Exercise prompt:
Write out the entire listing below exactly, with the pictures left out.

Dataset content Start Marker

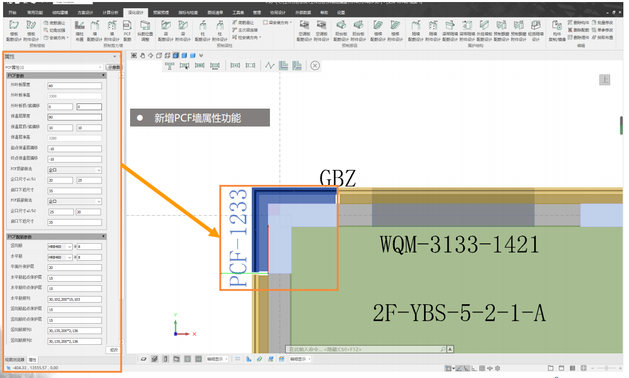 2.2 新增PCF墙板属性功能
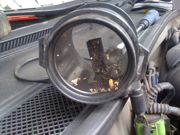 10. Впереди располагается вход, на котором должно располагаться уплотнительное резиновое кольцо. Оно служит для защиты от подсоса загрязненного, неочищенного воздуха. Если уплотнитель отсутствует, он зацепился за фильтр. Как результат, входная сетка ДМРВ будет загрязняться.
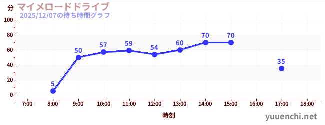 2025/12/07の待ち時間グラフ (マイメロードドライブ)
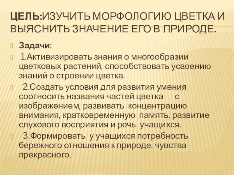 Цель:Изучить морфологию цветка и выяснить значение его в природе.Задачи: 1.Активизировать знания о многообразии цветковых растений, способствовать усвоению

Dataset content End Marker

Solution to this exercise:
 2.2 新增PCF墙板属性功能
 10. Впереди располагается вход, на котором должно располагаться уплотнительное резиновое кольцо. Оно служит для защиты от подсоса загрязненного, неочищенного воздуха. Если уплотнитель отсутствует, он зацепился за фильтр. Как результат, входная сетка ДМРВ будет загрязняться.
 2025/12/07の待ち時間グラフ (マイメロードドライブ)
 Цель:Изучить морфологию цветка и выяснить значение его в природе.Задачи: 1.Активизировать знания о многообразии цветковых растений, способствовать усвоению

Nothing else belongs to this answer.